Unfortunately that’s not reality nor is it the reality I have been living the past three days.
life love is on pause. I can’t love you. Well at least not in the way I prefer to.
I have germs. Millions of them I suppose. The up-my-nose-in-more-ways-than-one kind. Please don’t feel a compulsion to break out the tissues. It’s not a Kleenex moment. At least not of the crying kind. I’ve used that many the kids are now building towers with the empty boxes.
I also had to pause my posts. The daily serving of love was nowhere to be seen. Typing would have been near impossible, having to take care of the faucet-like nose. In fact, I got that sick of the incessant running that I resorted to jamming a tissue up each nostril just to take a break from the blowing while trying to do normal daily tasks.
Ok so I’ve managed to avoid the words boogie and snot and also believe that I have succeeded in not sharing this with my family. For the record, the blame lies firmly with ‘almost 6’ who shares all there is on offer at school and kindly brought it home for me. I know I could possibly give it back to him so it’s come down to this:
- kisses on the tops of their heads have replaced the smackaroos I normally get to share with my fellas
- hugs are limited to the standing position so my legs have seen a lot of loving lately
- blowing kisses has become normal practice for the time being even when no-one is going anywhere.

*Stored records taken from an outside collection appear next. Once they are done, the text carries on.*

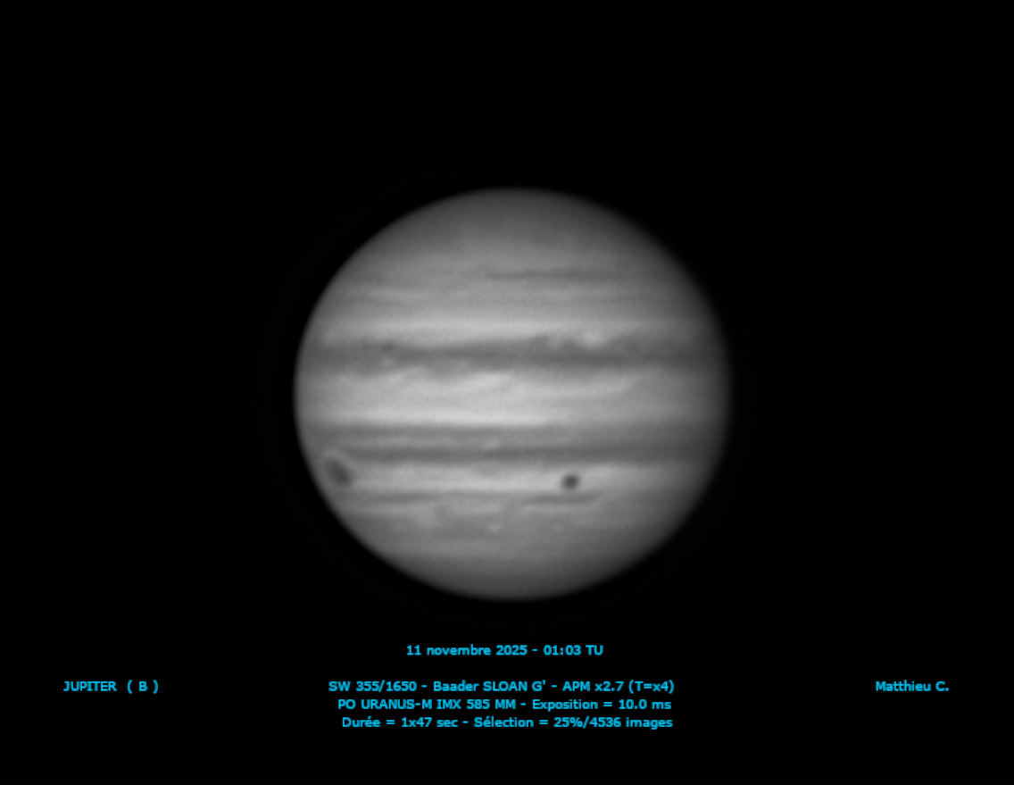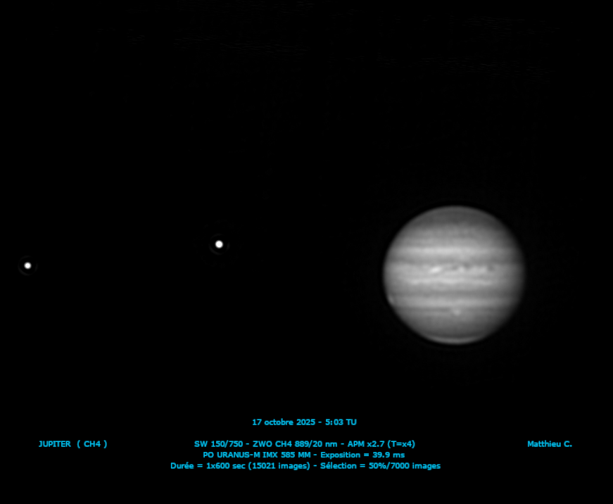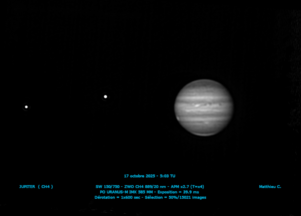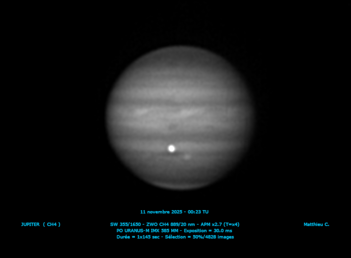 Merci. En fait, le phénomène est très intéressant et tu fais bien de le relever. Ce disque brillant en CH4 correspond exactement au disque sombre visible sur les images bleu et proche infrarouge. Il s’agit du disque même de Ganymède passant devant Jupiter ( et non pas son ombre projeté, passé quelques heures auparavant ). Et il se trouve que si, effectivement, le globe de Ganymède est naturellement plus sombre que celui de Jupiter ( d’où le spot sombre dans les continuum bleu et infrarouge ), il n’en reste pas moins beaucoup plus brillant que celui de Jupiter dans la bande méthane, car on oublie pas que Ganymède n’a pas d’atmosphère contenant du méthane pour absorber elle aussi la lumière à la bande de 889 nm. Ceci étant dit, la seconde petite tache claire mais beaucoup plus discrète, en méthane, en dessous à droite de Ganymède, se trouve être l’Oval BA, le deuxième plus gros anticyclone jovien après la GTR. Sa clarté supérieure au reste du globe jovien provient du fait que la structure nuageuse se développe à une altitude supérieure dans l’atmosphère que la plupart des bandes de la planète. Proportionnellement, moins de méthane la surplombant, l’effet d’absorption est moins élevée et elle apparaît plus claire. Mais l’Oval BA apparaît à l’inverse plus sombre dans le continuum bleu ( encore plus marquée dans l’UV ) à cause de constituants chimiques lui donnant une couleur naturelle rouge dans le visible ( le rouge vu à travers un filtre bleu ou ultraviolet apparaît très sombre ). -
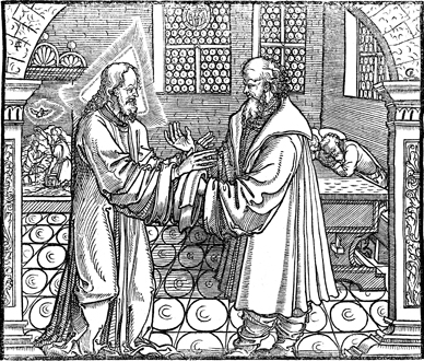 Description: Jesus converses with Nicodemus about being born again. In the background, Jesus is baptized by John the Baptist in the Jordan River. The engraver's knife and monogram (CE) are placed in the upper right and the 4-cross is in the upper left.
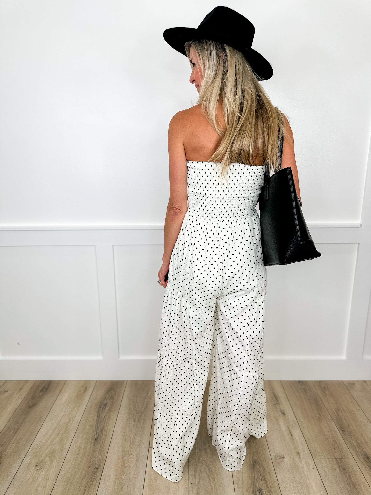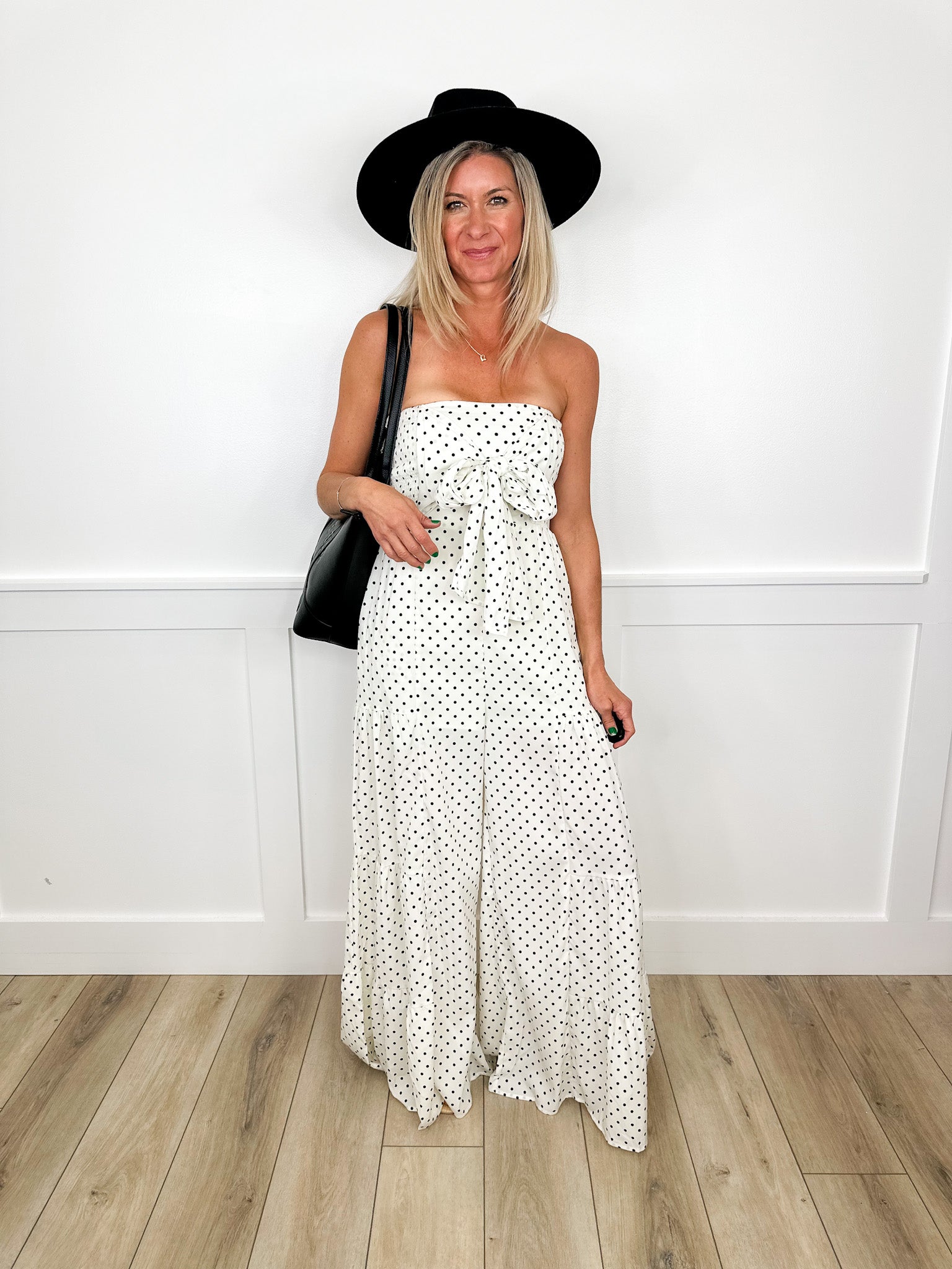 Steal the spotlight in this strapless jumpsuit featuring charming polka dots, a flirty front bow, and flowing wide legs. The lightweight cream fabric moves beautifully with you, making it perfect for any occasion where you want to feel fabulous and fun.
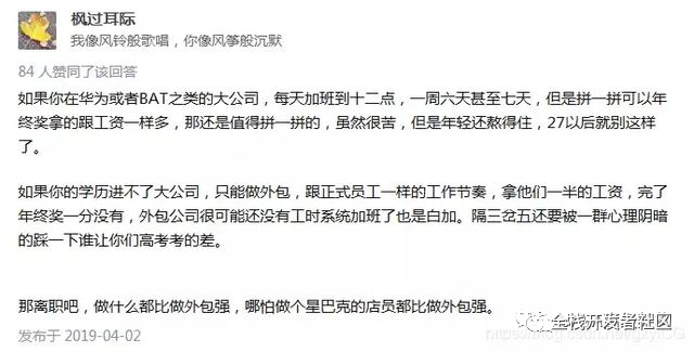 其实我们身边也有很多外包程序员,我身边也有从外包进一线互联网企业的例子,外包公司一般是中途培训上岗或者转行的,其实不管是不是外包,大家都是迫于生计,要不然谁想写代码对吧!

I am existing in my own bacteria filled bubble where there is less chance of letting any bugs out but also zero possibility of any love getting in. I don’t like it one bit and definitely do not want to pause this moment. I’m keen to go back to being the giver of love not the giver of illness.
How do you show your love when the ‘no touching’ rule has been imposed?
Pausing the love just for the moment.
Image from: here.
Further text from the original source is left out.